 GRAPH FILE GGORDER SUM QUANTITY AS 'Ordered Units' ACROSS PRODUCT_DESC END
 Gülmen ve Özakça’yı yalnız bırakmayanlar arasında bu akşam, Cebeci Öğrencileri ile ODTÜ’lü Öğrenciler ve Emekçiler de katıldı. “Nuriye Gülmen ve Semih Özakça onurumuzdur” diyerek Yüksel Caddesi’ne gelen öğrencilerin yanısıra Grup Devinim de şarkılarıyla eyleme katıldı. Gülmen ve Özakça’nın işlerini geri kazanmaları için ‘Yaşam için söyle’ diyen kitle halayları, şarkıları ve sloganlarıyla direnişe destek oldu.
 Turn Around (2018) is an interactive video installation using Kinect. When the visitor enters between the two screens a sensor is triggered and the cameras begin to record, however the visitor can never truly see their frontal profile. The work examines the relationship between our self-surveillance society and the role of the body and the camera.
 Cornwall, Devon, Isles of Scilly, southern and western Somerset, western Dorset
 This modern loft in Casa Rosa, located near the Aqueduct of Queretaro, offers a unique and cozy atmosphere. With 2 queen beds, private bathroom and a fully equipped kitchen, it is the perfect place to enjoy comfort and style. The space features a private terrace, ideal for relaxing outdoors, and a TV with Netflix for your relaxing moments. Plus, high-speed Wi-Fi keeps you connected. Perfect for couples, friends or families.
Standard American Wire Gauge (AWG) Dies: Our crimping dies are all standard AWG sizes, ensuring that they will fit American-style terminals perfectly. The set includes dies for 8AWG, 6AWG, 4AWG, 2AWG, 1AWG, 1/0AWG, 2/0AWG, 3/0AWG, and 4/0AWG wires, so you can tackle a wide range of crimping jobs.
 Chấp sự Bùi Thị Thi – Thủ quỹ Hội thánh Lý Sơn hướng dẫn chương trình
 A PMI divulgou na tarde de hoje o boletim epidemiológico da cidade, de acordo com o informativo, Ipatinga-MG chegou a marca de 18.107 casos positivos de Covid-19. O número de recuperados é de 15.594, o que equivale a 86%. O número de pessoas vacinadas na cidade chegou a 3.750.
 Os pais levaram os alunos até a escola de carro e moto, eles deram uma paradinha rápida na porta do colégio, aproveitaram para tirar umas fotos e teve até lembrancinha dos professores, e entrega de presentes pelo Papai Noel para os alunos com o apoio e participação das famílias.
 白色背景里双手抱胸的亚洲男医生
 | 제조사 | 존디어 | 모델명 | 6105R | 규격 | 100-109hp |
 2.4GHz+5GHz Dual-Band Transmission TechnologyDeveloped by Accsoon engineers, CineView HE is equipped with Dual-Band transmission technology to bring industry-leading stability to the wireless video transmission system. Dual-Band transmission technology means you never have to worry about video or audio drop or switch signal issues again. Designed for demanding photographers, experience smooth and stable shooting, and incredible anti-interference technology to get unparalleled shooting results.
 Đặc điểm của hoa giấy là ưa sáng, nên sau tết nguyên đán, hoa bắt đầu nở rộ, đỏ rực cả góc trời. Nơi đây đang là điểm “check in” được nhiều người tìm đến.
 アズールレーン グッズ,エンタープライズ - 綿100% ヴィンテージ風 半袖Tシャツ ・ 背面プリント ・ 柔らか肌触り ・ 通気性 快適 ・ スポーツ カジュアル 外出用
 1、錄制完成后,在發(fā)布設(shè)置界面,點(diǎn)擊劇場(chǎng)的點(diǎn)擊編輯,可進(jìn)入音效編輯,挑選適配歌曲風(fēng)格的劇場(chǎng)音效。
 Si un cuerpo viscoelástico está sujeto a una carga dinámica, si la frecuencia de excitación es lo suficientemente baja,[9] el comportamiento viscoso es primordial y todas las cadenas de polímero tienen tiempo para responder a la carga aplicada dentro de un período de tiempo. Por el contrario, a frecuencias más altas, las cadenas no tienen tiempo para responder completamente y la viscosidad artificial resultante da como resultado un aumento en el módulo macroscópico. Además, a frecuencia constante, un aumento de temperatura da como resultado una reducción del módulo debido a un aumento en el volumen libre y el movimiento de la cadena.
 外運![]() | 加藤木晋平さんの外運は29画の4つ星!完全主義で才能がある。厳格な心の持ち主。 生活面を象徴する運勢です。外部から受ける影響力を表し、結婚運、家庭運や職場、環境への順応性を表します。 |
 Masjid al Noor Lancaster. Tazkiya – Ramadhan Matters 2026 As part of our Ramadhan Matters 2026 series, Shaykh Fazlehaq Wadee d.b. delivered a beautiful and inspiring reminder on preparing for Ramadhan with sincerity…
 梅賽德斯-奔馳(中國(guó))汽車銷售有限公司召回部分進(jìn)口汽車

• [REQUIRED WORK] Lines to set down from above: the line with "2.4GHz+5GHz Dual-Band Transmission", the line with "1、錄制完成后,在發(fā)", and every line between, each exactly as written.

• [WRITTEN SOLUTION]
 2.4GHz+5GHz Dual-Band Transmission TechnologyDeveloped by Accsoon engineers, CineView HE is equipped with Dual-Band transmission technology to bring industry-leading stability to the wireless video transmission system. Dual-Band transmission technology means you never have to worry about video or audio drop or switch signal issues again. Designed for demanding photographers, experience smooth and stable shooting, and incredible anti-interference technology to get unparalleled shooting results.
 Đặc điểm của hoa giấy là ưa sáng, nên sau tết nguyên đán, hoa bắt đầu nở rộ, đỏ rực cả góc trời. Nơi đây đang là điểm “check in” được nhiều người tìm đến.
 アズールレーン グッズ,エンタープライズ - 綿100% ヴィンテージ風 半袖Tシャツ ・ 背面プリント ・ 柔らか肌触り ・ 通気性 快適 ・ スポーツ カジュアル 外出用
 1、錄制完成后,在發(fā)布設(shè)置界面,點(diǎn)擊劇場(chǎng)的點(diǎn)擊編輯,可進(jìn)入音效編輯,挑選適配歌曲風(fēng)格的劇場(chǎng)音效。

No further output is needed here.